他者からすれば良い思いをしておいて何を言っているのかと文句を吐かれるところなのだろうが、彼はそんな思いを味わう余裕など微塵も残していなかった。
ただでさえ出るところは出ていて、引っ込むところは引っ込んでいるなんていう男子にとって一つの理想とさえ言い切れるスタイルを誇った美穂のあのような姿。
こんな状況に不慣れな彼では処理しきれず、どうにか理性だけは決壊させないようにと意識を集中させておくので精一杯だった。
けれどもそんな時間もこれで終わり。
久しぶりに見慣れた様相へと戻ってくれた美穂と未だに店内に留まり続けている蓮ではあるが、そんな彼に今度振られてきた話題は…打って変わって悩まし気な顔をした彼女のこんな問いかけだ。
「だけどこうもたくさん着てみるとどれが一番かっていうのは分かりにくくなっちゃいそうだね…まぁ悩んでても仕方がない! 蓮くん、どの水着が一番良かったか教えて? 私はそれに決めるから!」
「……え、俺が選ぶのか?」
「とーぜん! というか最初からそのつもりだったんだし! さっ、正直なところを教えてくれると助かります!」
「……そうか」
彼女から問われてきたのは端的に述べてしまえば今まで見せられた中でどれが最も蓮の好みに合致したものだったかというもので、美穂の言い分から判断するに彼の選んだ水着を美穂は購入するつもりらしい。

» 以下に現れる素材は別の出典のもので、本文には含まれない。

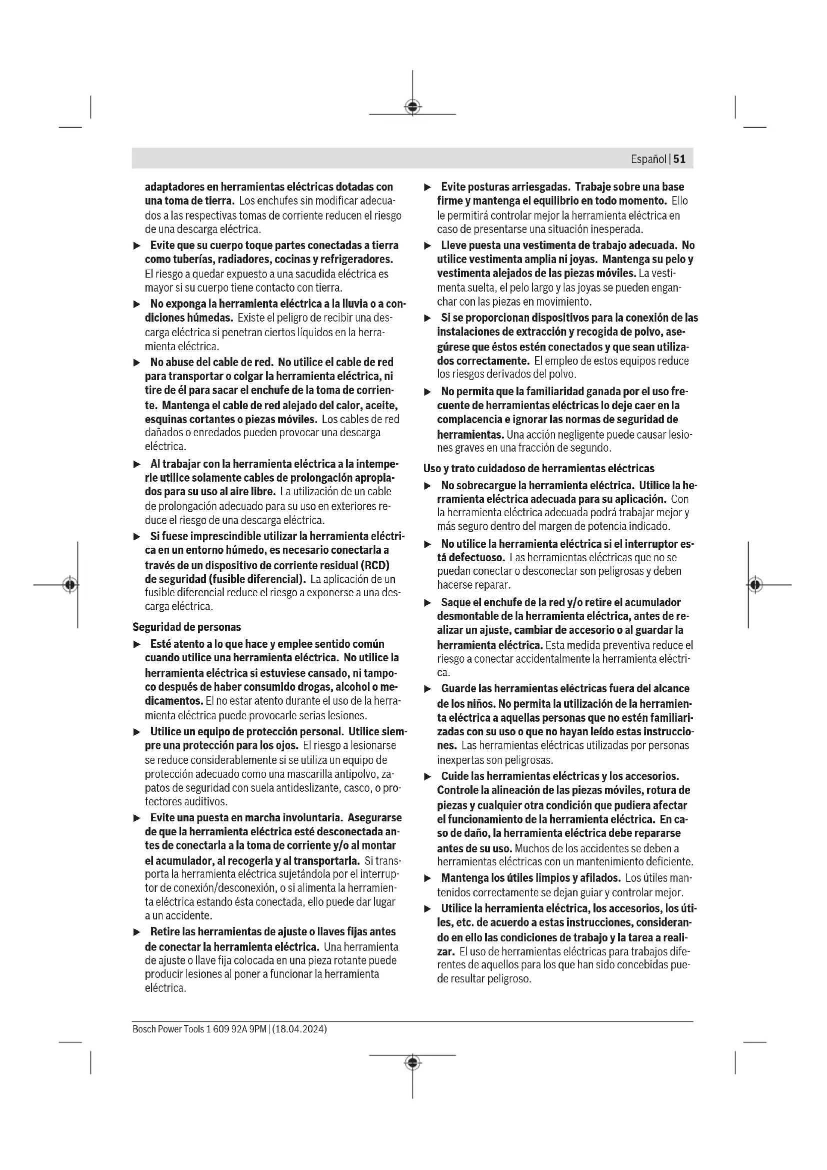Avant de transporter l’outil électroportatif, procédez comme suit: – Desserrez la vis de blocage(1) (au cas où celle-ci serait serrée). Tirez le bras d’outil complètement vers l’avant et resserrez la vis de serrage. – Assurez-vous que la butée de profondeur (39) est bascu- lée à fond vers l’arrière et que la vis d’ajustage (38) ne touche rien lors du déplacement du bras d’outil. – Placez l’outil électroportatif dans la position de transport. – Enlevez tous les accessoires qui ne peuvent pas être fixés solidement à l’outil électroportatif et qui risquent donc de tomber. Transportez, si possible, les lames de scie en- core inutilisées dans un conteneur fermé. – Positionnez la poignée de transport (3) à la verticale. – Portez l’outil électroportatif par la poignée de transport (3) ou par les poignées encastrées (61) placées de chaque côté de la table. u Pour transporter l’outil électroportatif, ne le saisissez qu’au niveau des dispositifs de transport, jamais au ni- veau des dispositifs de protection, rallonges ou appuis de pièce. Entretien et Service après‑vente Nettoyage et entretien u Débranchez le câble d’alimentation de la prise avant d’effectuer des travaux quels qu’il soient sur l’outil électroportatif. u Tenez toujours propres l’outil électroportatif ainsi que les fentes de ventilation afin d’obtenir un travail im- peccable et sûr. Dans le cas où il s’avère nécessaire de remplacer le câble d’alimentation, confiez le remplacement à Bosch ou une sta- tion de Service Après-Vente agréée pour outillage Bosch afin de ne pas compromettre la sécurité. Le capot de protection à mouvement pendulaire doit tou- jours pouvoir bouger librement et fermer automatiquement. Veillez pour cela à ce que le pourtour du capot de protection à mouvement pendulaire reste propre. Après chaque opération de travail, enlevez les poussières et les copeaux à l’aide d’un pinceau ou en soufflant avec de l’air comprimé. Nettoyez régulièrement le galet coulissant (13). Mesures visant à réduire le niveau sonore Mesures prises par le fabricant: Bosch Power Tools 1 609 92A 9PM | (18.04.2024)50 | Español – Démarrage progressif – Fourniture avec une lame de scie spécialement conçue pour une réduction du niveau sonore Mesures prises par l’utilisateur: – Montage permettant une réduction des vibrations sur une surface de travail stable – Utilisation de lames de scie avec fonctions permettant de réduire le niveau sonore – Nettoyage régulier de la lame de scie et de l’outil électro- portatif Service après-vente et conseil utilisateurs Notre Service après-vente répond à vos questions concer- nant la réparation et l’entretien de votre produit et les pièces de rechange. Vous trouverez des vues éclatées et des infor- mations sur les pièces de rechange sur le site : www.bosch-pt.com L’équipe de conseil utilisateurs Bosch se tient à votre dispo- sition pour répondre à vos questions concernant nos pro- duits et leurs accessoires. Pour toute demande de renseignement ou toute commande de pièces de rechange, précisez impérativement la réfé- rence à 10chiffres figurant sur l’étiquette signalétique du produit. France Réparer un outil Bosch n’a jamais été aussi simple, et ce, en moins de 5 jours, grâce à SAV DIRECT, notre formulaire de retour en ligne que vous trouverez sur notre site internet www.bosch-pt.fr à la rubrique Services. Vous y trouverez également notre boutique de pièces détachées en ligne où vous pouvez passer directement vos commandes. Vous êtes un utilisateur, contactez : Le Service Clientèle Bosch Outillage Electroportatif Tel.: 0970821226 (Numéro non surtaxé au prix d'un ap- pel local) E-Mail: sav.outillage-electroportatif@fr.bosch.com Vous êtes un revendeur, contactez: Robert Bosch (France) S.A.S. Service Après-Vente Electroportatif 126, rue de Stalingrad 93705 DRANCY Cédex Tel.: (01) 43119006 E-Mail: sav-bosch.outillage@fr.bosch.com Vous trouverez d'autres adresses du service après-vente sous: www.bosch-pt.com/serviceaddresses Élimination des déchets Les outils électroportatifs, ainsi que leurs accessoires et em- ballages, doivent pouvoir suivre chacun une voie de recy- clage appropriée. Ne jetez pas les outils électroportatifs avec les ordures ménagères! Seulement pour les pays de l’UE : Les outils électroportatifs usagés doivent être mis au rebut séparément. Utilisez les systèmes de collecte prévus. En cas de non-respect des consignes d’élimination, les dé- chets d’équipements électriques et électroniques peuvent avoir un impact négatif sur l’environnement et la santé des personnes du fait des substances dangereuses qu’ils contiennent. Valable uniquement pour la France: Español Indicaciones de seguridad Advertencias de peligro generales para herramientas eléctricas ADVERTEN- CIA Lea íntegramente las advertencias de peligro, las instrucciones, las ilustraciones y las especificacio- nes entregadas con esta herramienta eléctrica. En caso de no atenerse a las instrucciones siguientes, ello puede ocasionar una descarga eléctrica, un incendio y/o una lesión grave. Guardar todas las advertencias de peligro e instruccio- nes para futuras consultas. El término "herramienta eléctrica" empleado en las siguien- tes advertencias de peligro se refiere a herramientas eléctri- cas de conexión a la red (con cable de red) y a herramientas eléctricas accionadas por acumulador (sin cable de red). Seguridad del puesto de trabajo u Mantenga el área de trabajo limpia y bien iluminada. Las áreas desordenadas u oscuras pueden provocar acci- dentes. u No utilice herramientas eléctricas en un entorno con peligro de explosión, en el que se encuentren combus- tibles líquidos, gases o material en polvo. Las herra- mientas eléctricas producen chispas que pueden llegar a inflamar los materiales en polvo o vapores. u Manten

どこまでも蓮一筋な彼女らしいと言えばらしいが…されど、彼の立場からするととんでもない決断を任されてしまったという気分になる。
今までは多少の羞恥心が揺さぶられることこそあったが彼女の水着姿に素直な感想を伝えるだけでも良かったものの、こうなると彼の意見が全てを決めるということだ。
付け加えるなら、同級生の水着を自分が選ぶなんて明らかに単なる友人同士ならしないような行動を迫られていることへの困惑もある。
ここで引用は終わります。